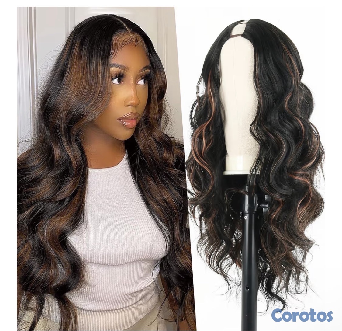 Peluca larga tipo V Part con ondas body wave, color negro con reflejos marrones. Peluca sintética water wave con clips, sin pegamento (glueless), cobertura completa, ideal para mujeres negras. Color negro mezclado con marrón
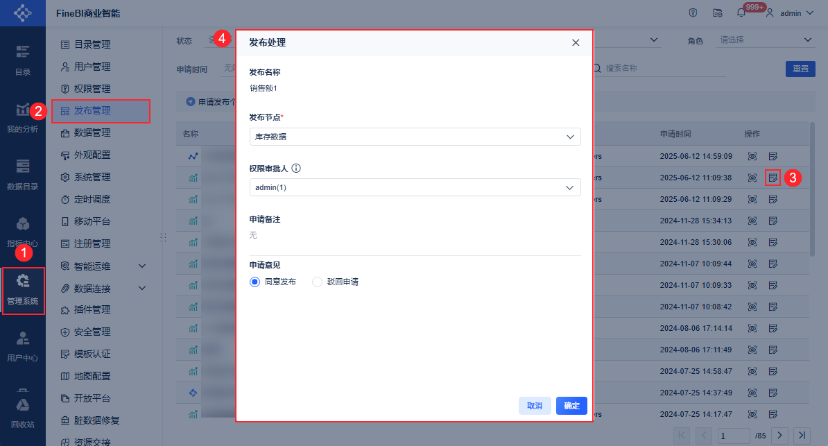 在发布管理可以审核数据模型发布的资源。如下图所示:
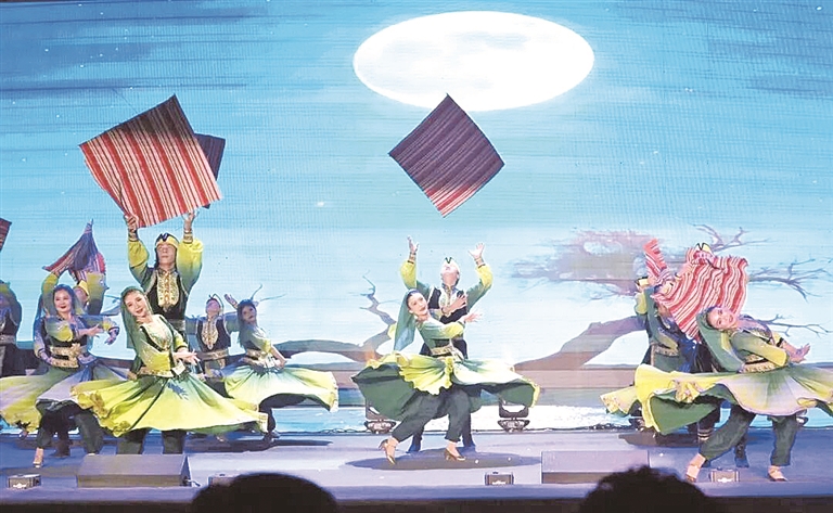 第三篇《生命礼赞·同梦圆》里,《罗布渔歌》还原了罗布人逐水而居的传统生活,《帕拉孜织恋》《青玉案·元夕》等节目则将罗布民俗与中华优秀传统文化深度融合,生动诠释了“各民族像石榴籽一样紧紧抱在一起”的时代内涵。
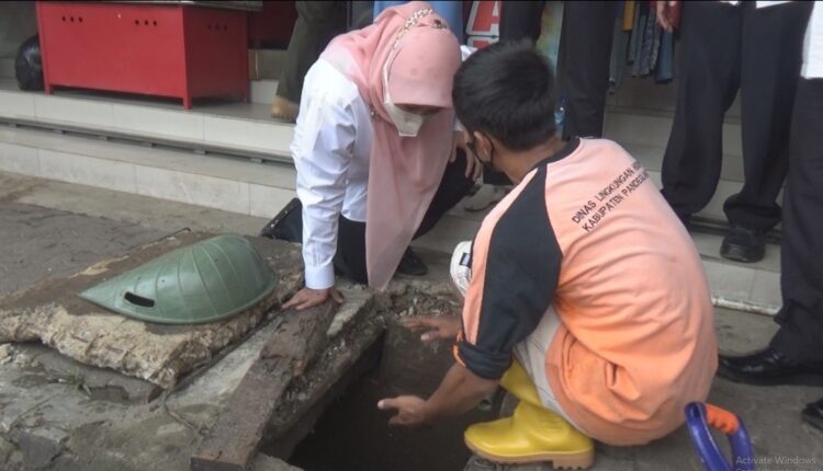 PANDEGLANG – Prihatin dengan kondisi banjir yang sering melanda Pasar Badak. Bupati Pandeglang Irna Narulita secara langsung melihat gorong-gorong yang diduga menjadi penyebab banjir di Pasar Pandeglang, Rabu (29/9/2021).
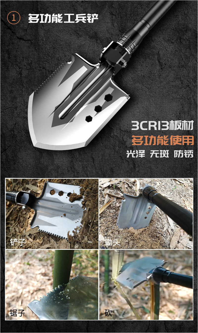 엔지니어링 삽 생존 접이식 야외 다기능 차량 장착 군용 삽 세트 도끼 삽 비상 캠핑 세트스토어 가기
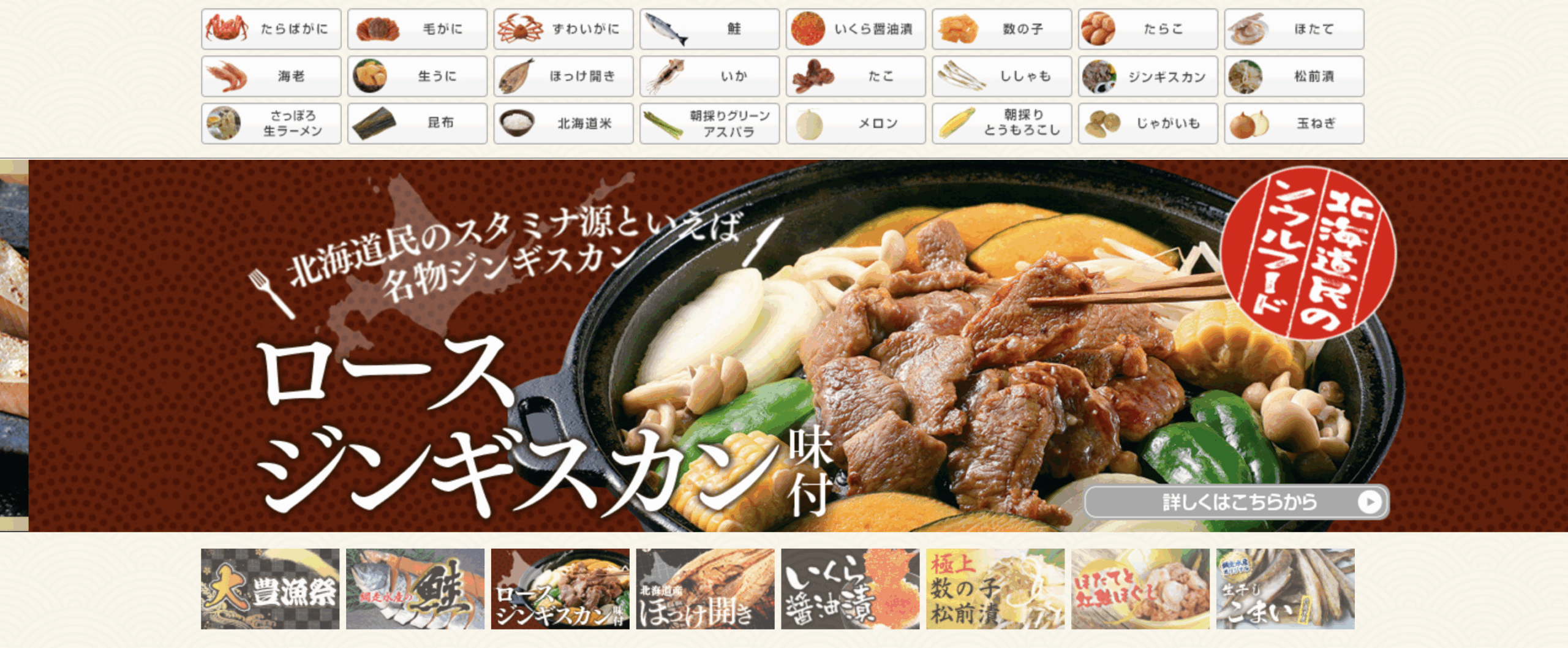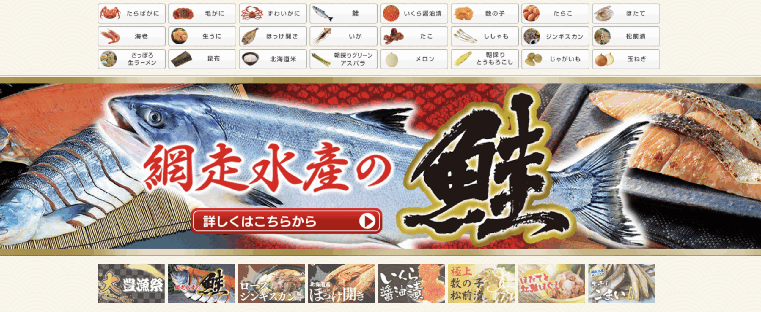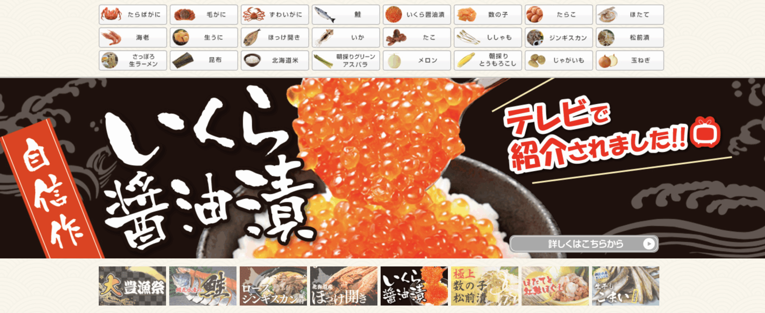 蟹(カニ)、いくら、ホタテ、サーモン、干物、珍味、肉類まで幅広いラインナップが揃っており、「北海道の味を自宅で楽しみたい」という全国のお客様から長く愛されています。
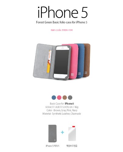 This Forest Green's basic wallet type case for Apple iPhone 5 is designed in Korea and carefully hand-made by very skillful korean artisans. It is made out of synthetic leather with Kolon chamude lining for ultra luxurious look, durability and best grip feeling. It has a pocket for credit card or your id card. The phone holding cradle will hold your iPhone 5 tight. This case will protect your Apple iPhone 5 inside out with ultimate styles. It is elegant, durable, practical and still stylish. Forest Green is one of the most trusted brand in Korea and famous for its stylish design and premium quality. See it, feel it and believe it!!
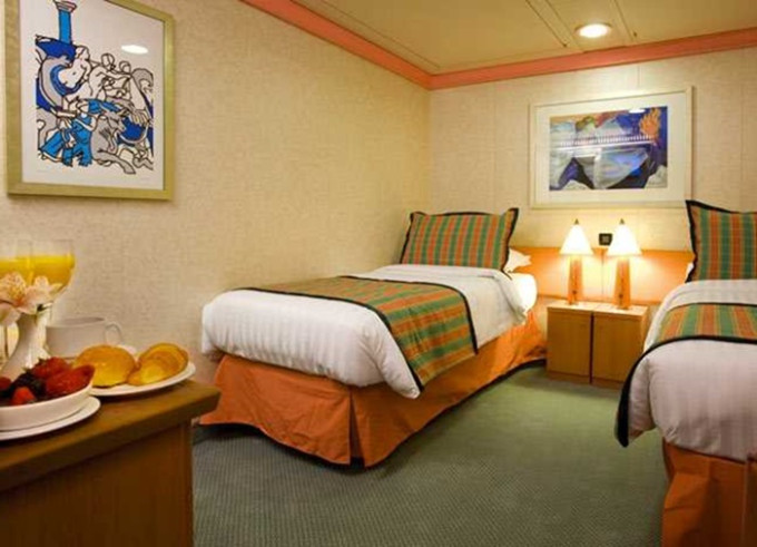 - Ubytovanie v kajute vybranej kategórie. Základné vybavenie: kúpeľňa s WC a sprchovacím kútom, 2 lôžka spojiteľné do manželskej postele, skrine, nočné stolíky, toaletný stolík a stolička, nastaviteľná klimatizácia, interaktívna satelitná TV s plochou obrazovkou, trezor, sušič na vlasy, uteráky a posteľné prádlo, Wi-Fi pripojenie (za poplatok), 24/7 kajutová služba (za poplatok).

________________

## How to complete this task
For every record above, repeat the text exactly and omit any picture.

## Answer area
 Peluca larga tipo V Part con ondas body wave, color negro con reflejos marrones. Peluca sintética water wave con clips, sin pegamento (glueless), cobertura completa, ideal para mujeres negras. Color negro mezclado con marrón
 在发布管理可以审核数据模型发布的资源。如下图所示:
 第三篇《生命礼赞·同梦圆》里,《罗布渔歌》还原了罗布人逐水而居的传统生活,《帕拉孜织恋》《青玉案·元夕》等节目则将罗布民俗与中华优秀传统文化深度融合,生动诠释了“各民族像石榴籽一样紧紧抱在一起”的时代内涵。
 PANDEGLANG – Prihatin dengan kondisi banjir yang sering melanda Pasar Badak. Bupati Pandeglang Irna Narulita secara langsung melihat gorong-gorong yang diduga menjadi penyebab banjir di Pasar Pandeglang, Rabu (29/9/2021).
 엔지니어링 삽 생존 접이식 야외 다기능 차량 장착 군용 삽 세트 도끼 삽 비상 캠핑 세트스토어 가기
 蟹(カニ)、いくら、ホタテ、サーモン、干物、珍味、肉類まで幅広いラインナップが揃っており、「北海道の味を自宅で楽しみたい」という全国のお客様から長く愛されています。
 This Forest Green's basic wallet type case for Apple iPhone 5 is designed in Korea and carefully hand-made by very skillful korean artisans. It is made out of synthetic leather with Kolon chamude lining for ultra luxurious look, durability and best grip feeling. It has a pocket for credit card or your id card. The phone holding cradle will hold your iPhone 5 tight. This case will protect your Apple iPhone 5 inside out with ultimate styles. It is elegant, durable, practical and still stylish. Forest Green is one of the most trusted brand in Korea and famous for its stylish design and premium quality. See it, feel it and believe it!!
 - Ubytovanie v kajute vybranej kategórie. Základné vybavenie: kúpeľňa s WC a sprchovacím kútom, 2 lôžka spojiteľné do manželskej postele, skrine, nočné stolíky, toaletný stolík a stolička, nastaviteľná klimatizácia, interaktívna satelitná TV s plochou obrazovkou, trezor, sušič na vlasy, uteráky a posteľné prádlo, Wi-Fi pripojenie (za poplatok), 24/7 kajutová služba (za poplatok).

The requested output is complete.